*** Records for processing ***
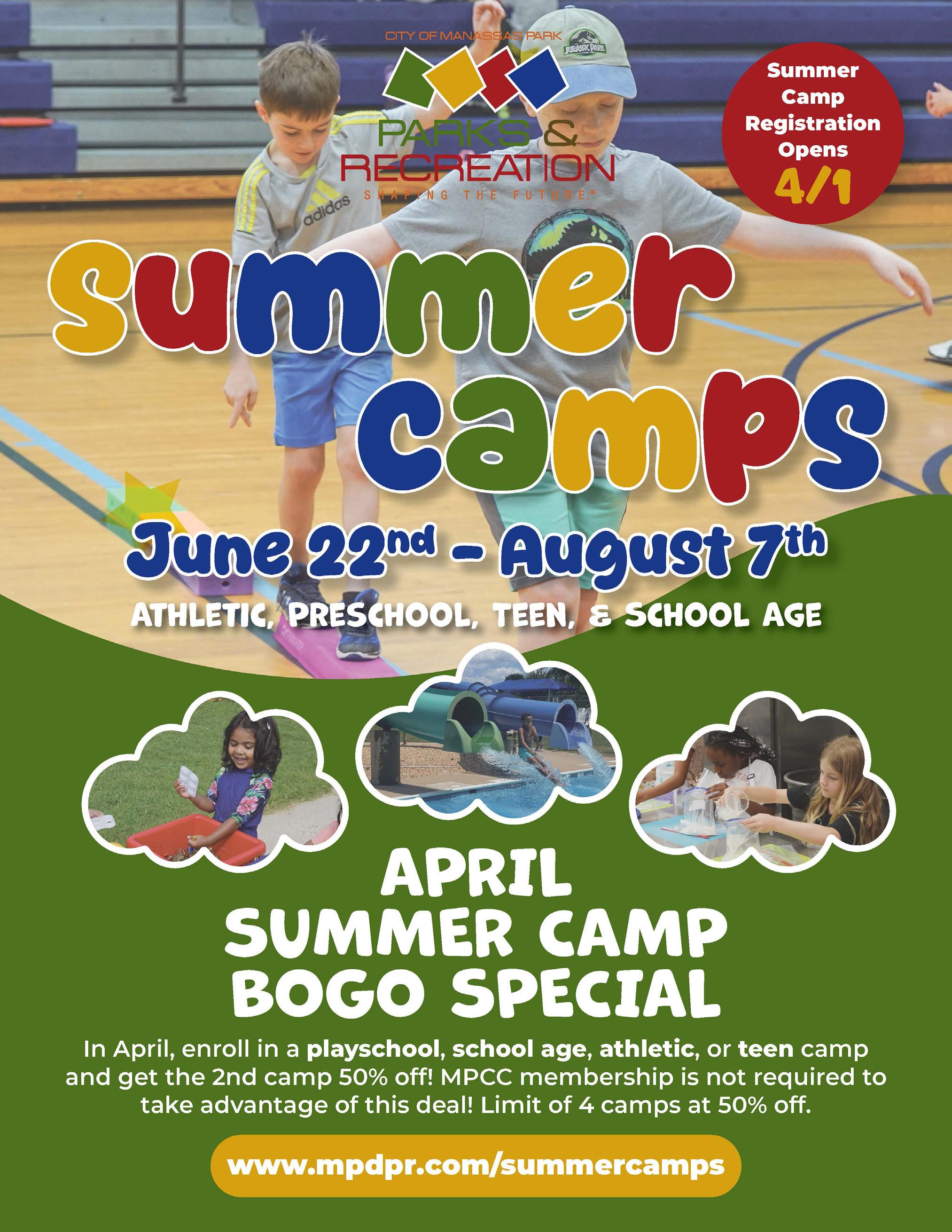 (Rising 1st-6th graders) There is no better place to be than at the Manassas Park Community Center for your summer camp needs. An array of themes, sports, and fun activities provide campers with exciting, fun memory-making moments. Campers will swim once a week on their camp’s designated swim day. Participants MUST sign up by the Monday prior to each camp for camps and camp care.
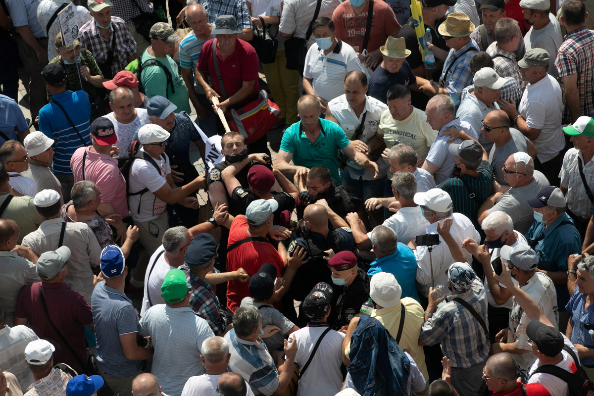 Several hundred retired Ukrainian police officers attempted to storm the parliament building on Wednesday demanding an increase in their pensions.
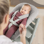 The Stokke® Tripp Trapp® Newborn Set is expertly crafted to promote bonding and interaction from the very first days of your baby's life. It is engineered to comfortably and ergonomically cradle your newborn, elevating them to the perfect table height. The design includes two angle adjustable positions and exceptional leg support, ensuring a snug, nest-like environment for your baby. This set facilitates meaningful eye contact and interaction during meal times and family gatherings, fostering strong familial bonds. Installation is safe and straightforward, with the Newborn Set easily attaching to and detaching from the Tripp Trapp® chair. The design incorporates red-green indicators for correct mounting, and a 5-point safety harness with protective shoulder pads for added security. The inclusion of a toy hanger keeps your baby entertained and aids in their motor skill development. This set is suitable for newborns up to 9kg and fits any Tripp Trapp® chair produced after May 2003.
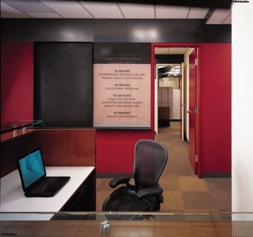The core and communal functions are housed in free standing volumes which are partially clad in gyp. board and painted a bright red further enlivening the work environment. Sandblasted clerestories and black steel bands cap off the volumes. The red wall is first visible at the reception desk, acting as a brilliant backdrop to the mission statement silk screened on Plexiglas - reminding all visitors of the important work done by Planned Parenthood.
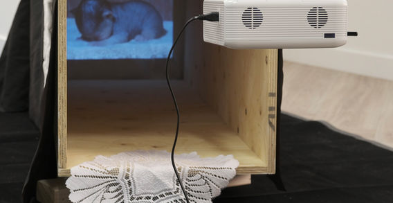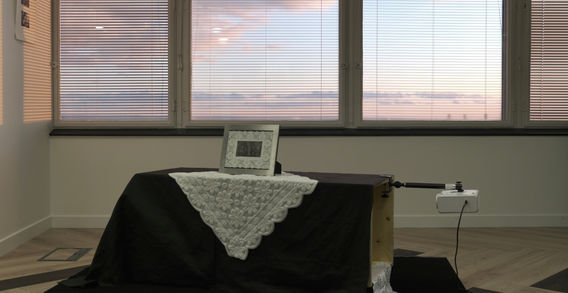 The early version of Who’s There? was presented for the first time, featuring a coffin-shaped plinth installation that explored the relationship between the viewer’s physical posture and the screen.
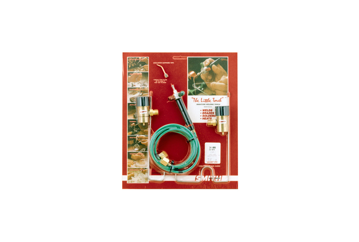 One tip kit for disposable tanks includes torch, hoses, pre-set oxygen regulator, pre-set propane regulator, size 4 curved tip, tank rest and instructions. Packaged on display card.
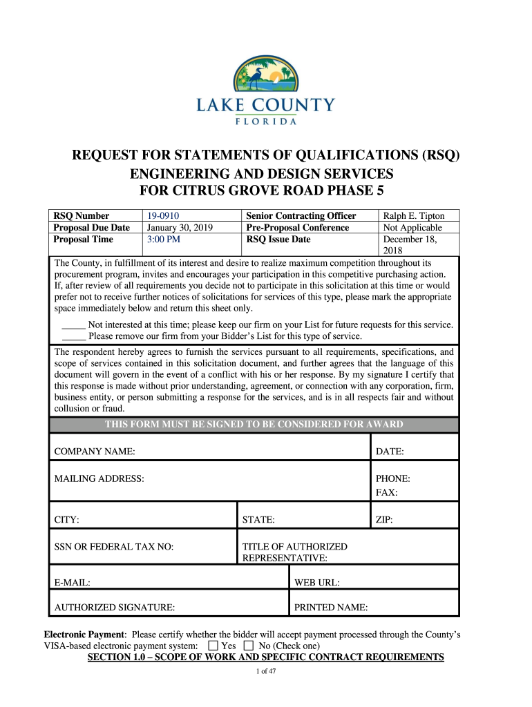 REQUEST FOR STATEMENTS OF QUALIFICATIONS (RSA)
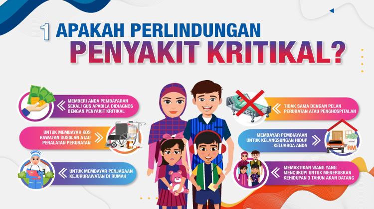 Tujuan utama pelan perlindungan penyakit kritikal adalah untuk memberi pampasan kepada anda dan keluarga apabila didiagnos dengan penyakit kritikal, tanpa mengira kos rawatan di hospital. Pelan perlindungan penyakit kritikal tidak seperti pelan perlindungan kesihatan biasa. Ia diselaraskan untuk membantu anda membayar apa sahaja yang anda pilih, agar dapat membantu proses pemulihan dan penyesuaian hidup anda sekiranya penyakit yang mengancam nyawa menyerang anda. Tidak mudah untuk membayangkan jika didiagnosis dengan penyakit kritikal, tetapi ia adalah realiti bagi kebanyakan kita rakyat Malaysia pada suatu ketika dalam kehidupan kita. Pelan perlindungan penyakit kritikal adalah salah satu cara untuk mengurangkan tekanan dan beban kewangan yang dialami oleh anda dan orang tersayang dan memastikan anda lebih bersedia untuk memenuhi keperluan kehidupan.
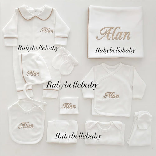 Organic Newborn Essentials Set 10 Piece Pure Cotton Layette Neutral White Baby Gift Set Take Me Home Baby Outfit Hospital Exit clothes
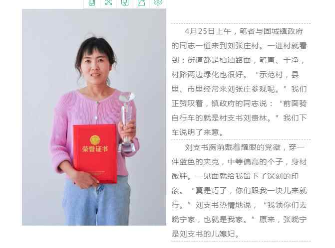 “2015年,因为风湿病引起皮肤溃烂,在石家庄和平医院住院治疗20多天,晓宁伺候了20多天。医院里的护士夸她‘你们的女儿真孝顺!’她们把儿媳妇当闺女啦。”刘支书笑着说,“另外,我近90岁高龄的老母亲也要晓宁伺候。老母亲虽然身体还行,但毕竟岁数大了,行动不便,晓宁跑前跑后,照顾很周到。做饭时,经常问问她奶奶想吃什么。上了岁数的人,牙口不好,晓宁就做松软的、易消化的饭菜。常常给她奶奶梳头、捶背、洗脚,陪她奶奶说说话。我老母亲逢人就夸孙媳妇孝顺呢。”
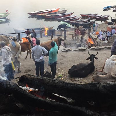 In the Indian city of Varanasi, some 300 cremations are conducted each day on the "ghats" or steps leading down to the River Ganges. The BBC's Rahul Tandon meets pilgrims who spend their last days at this holy place in search of nirvana, and the businesses that thrive on their parting. We visit a guesthouse for those seeking their final check-out, and hear from foreign tourists attracted by the city's ritual and spirituality, not to mention its yoga facilities. Rahul also hears how Prime Minister Narendra Modi - who is also Varanasi's member of parliament - hopes to clean up the town, both of its pollution and of its crime. (Picture: Burning ghat in Varanasi; Credit: BBC)
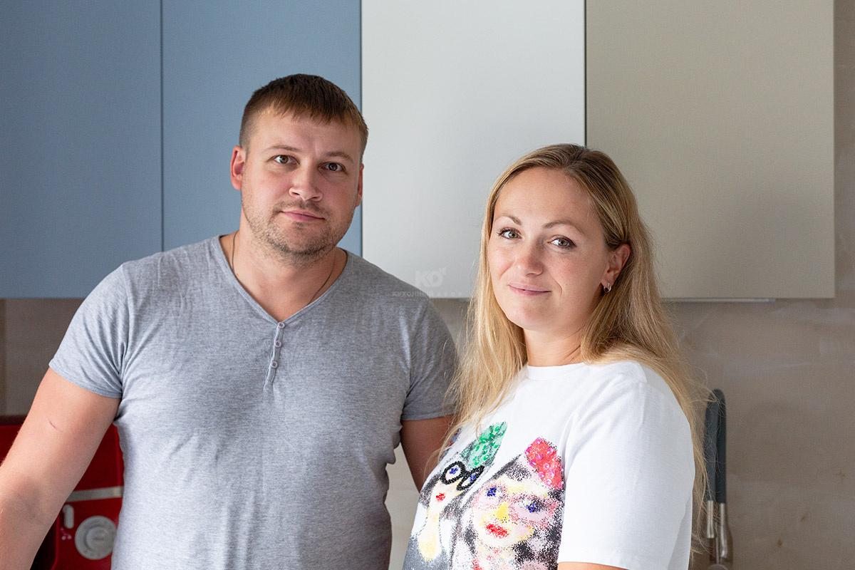 Кухня получилась «воздушной», но, вместе с тем, притягательной. За лёгкость здесь отвечает бархат фасадов и их нежная цветовая палитра. А притягательные акценты умело выставлены с помощью техники! Взгляните, в каких сочных цветах выполнены фильтр для воды, духовой шкаф и миксер! Словно яркие штрихи на монохромном полотне они попадают точно в фокус Вашего внимания. И помогают при этом постичь глубину всей композиции!
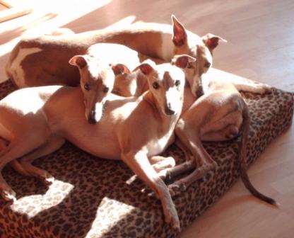 Neues von unseren Whippetbrüdern Stan und Olli, sie können außer ziemlich fotogen in der Sonne lümmeln auch mit Katze/n leben;-)))
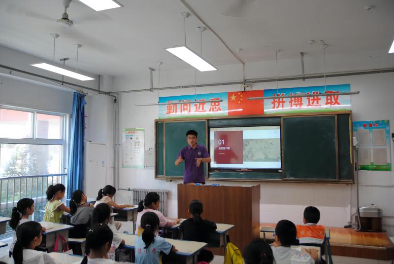 為傳承和發揚中華民族優秀傳統文化,使古老的藝術瑰寶在新時代綻放光彩,7月18日,山東理工大學“愛之傳承”暑期社會實踐團在德州市武城縣四女寺鎮明德小學,為孩子們開展了一節《中國歷代繪畫大系——花鳥》美育課程,主講人張光顯從花鳥畫的萌發、獨立、寫實、表意四個方面,向大家介紹其發展歷程,鑒賞、品讀各階段代表名家作品及其人文內涵。
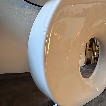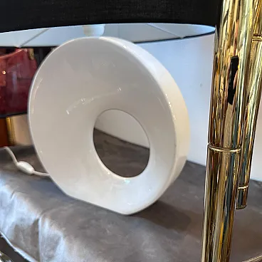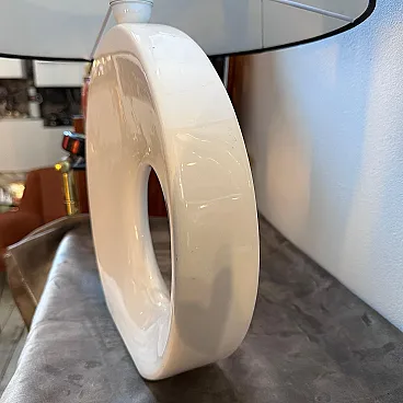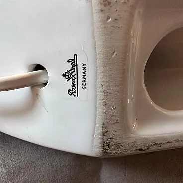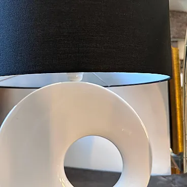 Una lampada da tavolo modernista in porcellana bianca disegnata e prodotta in Germania da Rosenthal negli anni Novanta; la base in porcellana ha una forma rotonda con un foro asimmetrico al centro, il nuovo paralume è cilindrico in tessuto nero, il tutto in ottime condizioni. È funzionante e riporta la scritta Rosenthal Germany sul fondo. Gli anni '90 erano un periodo in cui il design modernista era ancora influente e la casa di design tedesca Rosenthal era nota per le sue creazioni in porcellana di alta qualità. Questa lampada da tavolo di Rosenthal mostra l'estetica elegante e minimalista che ha caratterizzato l'epoca. La lampada presenta un design pulito e geometrico, con un'enfasi sulla semplicità e sulla funzionalità. La base in porcellana offre una superficie liscia e lucente che esalta l'aspetto elegante della lampada. Il paralume è un complemento del design modernista della base ed è stato progettato per diffondere la luce in modo uniforme e creare una luce soffusa e ambientale. Per quanto riguarda lo schema di colori, la lampada sarà principalmente di colore bianco o bianco sporco, riflettendo la preferenza modernista per un'estetica neutra e minimalista. La semplicità del design e l'uso della porcellana bianca creano un senso di eleganza senza tempo che si adatta perfettamente a diversi stili di interni. Questa lampada da tavolo di Rosenthal è un pezzo forte che unisce funzionalità e arte. Le sue linee pulite, l'artigianato di alta qualità e il design minimalista lo rendono un'aggiunta preziosa a qualsiasi spazio contemporaneo o di ispirazione vintage.
***
**Task statement**
Repeat the listing above exactly, omitting the pictures it contains.

**Result of this exercise**
 (Rising 1st-6th graders) There is no better place to be than at the Manassas Park Community Center for your summer camp needs. An array of themes, sports, and fun activities provide campers with exciting, fun memory-making moments. Campers will swim once a week on their camp’s designated swim day. Participants MUST sign up by the Monday prior to each camp for camps and camp care.
 Several hundred retired Ukrainian police officers attempted to storm the parliament building on Wednesday demanding an increase in their pensions.
 The Stokke® Tripp Trapp® Newborn Set is expertly crafted to promote bonding and interaction from the very first days of your baby's life. It is engineered to comfortably and ergonomically cradle your newborn, elevating them to the perfect table height. The design includes two angle adjustable positions and exceptional leg support, ensuring a snug, nest-like environment for your baby. This set facilitates meaningful eye contact and interaction during meal times and family gatherings, fostering strong familial bonds. Installation is safe and straightforward, with the Newborn Set easily attaching to and detaching from the Tripp Trapp® chair. The design incorporates red-green indicators for correct mounting, and a 5-point safety harness with protective shoulder pads for added security. The inclusion of a toy hanger keeps your baby entertained and aids in their motor skill development. This set is suitable for newborns up to 9kg and fits any Tripp Trapp® chair produced after May 2003.
The core and communal functions are housed in free standing volumes which are partially clad in gyp. board and painted a bright red further enlivening the work environment. Sandblasted clerestories and black steel bands cap off the volumes. The red wall is first visible at the reception desk, acting as a brilliant backdrop to the mission statement silk screened on Plexiglas - reminding all visitors of the important work done by Planned Parenthood.
 The early version of Who’s There? was presented for the first time, featuring a coffin-shaped plinth installation that explored the relationship between the viewer’s physical posture and the screen.
 One tip kit for disposable tanks includes torch, hoses, pre-set oxygen regulator, pre-set propane regulator, size 4 curved tip, tank rest and instructions. Packaged on display card.
 REQUEST FOR STATEMENTS OF QUALIFICATIONS (RSA)
 Tujuan utama pelan perlindungan penyakit kritikal adalah untuk memberi pampasan kepada anda dan keluarga apabila didiagnos dengan penyakit kritikal, tanpa mengira kos rawatan di hospital. Pelan perlindungan penyakit kritikal tidak seperti pelan perlindungan kesihatan biasa. Ia diselaraskan untuk membantu anda membayar apa sahaja yang anda pilih, agar dapat membantu proses pemulihan dan penyesuaian hidup anda sekiranya penyakit yang mengancam nyawa menyerang anda. Tidak mudah untuk membayangkan jika didiagnosis dengan penyakit kritikal, tetapi ia adalah realiti bagi kebanyakan kita rakyat Malaysia pada suatu ketika dalam kehidupan kita. Pelan perlindungan penyakit kritikal adalah salah satu cara untuk mengurangkan tekanan dan beban kewangan yang dialami oleh anda dan orang tersayang dan memastikan anda lebih bersedia untuk memenuhi keperluan kehidupan.
 Organic Newborn Essentials Set 10 Piece Pure Cotton Layette Neutral White Baby Gift Set Take Me Home Baby Outfit Hospital Exit clothes
 “2015年,因为风湿病引起皮肤溃烂,在石家庄和平医院住院治疗20多天,晓宁伺候了20多天。医院里的护士夸她‘你们的女儿真孝顺!’她们把儿媳妇当闺女啦。”刘支书笑着说,“另外,我近90岁高龄的老母亲也要晓宁伺候。老母亲虽然身体还行,但毕竟岁数大了,行动不便,晓宁跑前跑后,照顾很周到。做饭时,经常问问她奶奶想吃什么。上了岁数的人,牙口不好,晓宁就做松软的、易消化的饭菜。常常给她奶奶梳头、捶背、洗脚,陪她奶奶说说话。我老母亲逢人就夸孙媳妇孝顺呢。”
 In the Indian city of Varanasi, some 300 cremations are conducted each day on the "ghats" or steps leading down to the River Ganges. The BBC's Rahul Tandon meets pilgrims who spend their last days at this holy place in search of nirvana, and the businesses that thrive on their parting. We visit a guesthouse for those seeking their final check-out, and hear from foreign tourists attracted by the city's ritual and spirituality, not to mention its yoga facilities. Rahul also hears how Prime Minister Narendra Modi - who is also Varanasi's member of parliament - hopes to clean up the town, both of its pollution and of its crime. (Picture: Burning ghat in Varanasi; Credit: BBC)
 Кухня получилась «воздушной», но, вместе с тем, притягательной. За лёгкость здесь отвечает бархат фасадов и их нежная цветовая палитра. А притягательные акценты умело выставлены с помощью техники! Взгляните, в каких сочных цветах выполнены фильтр для воды, духовой шкаф и миксер! Словно яркие штрихи на монохромном полотне они попадают точно в фокус Вашего внимания. И помогают при этом постичь глубину всей композиции!
 Neues von unseren Whippetbrüdern Stan und Olli, sie können außer ziemlich fotogen in der Sonne lümmeln auch mit Katze/n leben;-)))
 為傳承和發揚中華民族優秀傳統文化,使古老的藝術瑰寶在新時代綻放光彩,7月18日,山東理工大學“愛之傳承”暑期社會實踐團在德州市武城縣四女寺鎮明德小學,為孩子們開展了一節《中國歷代繪畫大系——花鳥》美育課程,主講人張光顯從花鳥畫的萌發、獨立、寫實、表意四個方面,向大家介紹其發展歷程,鑒賞、品讀各階段代表名家作品及其人文內涵。
 Una lampada da tavolo modernista in porcellana bianca disegnata e prodotta in Germania da Rosenthal negli anni Novanta; la base in porcellana ha una forma rotonda con un foro asimmetrico al centro, il nuovo paralume è cilindrico in tessuto nero, il tutto in ottime condizioni. È funzionante e riporta la scritta Rosenthal Germany sul fondo. Gli anni '90 erano un periodo in cui il design modernista era ancora influente e la casa di design tedesca Rosenthal era nota per le sue creazioni in porcellana di alta qualità. Questa lampada da tavolo di Rosenthal mostra l'estetica elegante e minimalista che ha caratterizzato l'epoca. La lampada presenta un design pulito e geometrico, con un'enfasi sulla semplicità e sulla funzionalità. La base in porcellana offre una superficie liscia e lucente che esalta l'aspetto elegante della lampada. Il paralume è un complemento del design modernista della base ed è stato progettato per diffondere la luce in modo uniforme e creare una luce soffusa e ambientale. Per quanto riguarda lo schema di colori, la lampada sarà principalmente di colore bianco o bianco sporco, riflettendo la preferenza modernista per un'estetica neutra e minimalista. La semplicità del design e l'uso della porcellana bianca creano un senso di eleganza senza tempo che si adatta perfettamente a diversi stili di interni. Questa lampada da tavolo di Rosenthal è un pezzo forte che unisce funzionalità e arte. Le sue linee pulite, l'artigianato di alta qualità e il design minimalista lo rendono un'aggiunta preziosa a qualsiasi spazio contemporaneo o di ispirazione vintage.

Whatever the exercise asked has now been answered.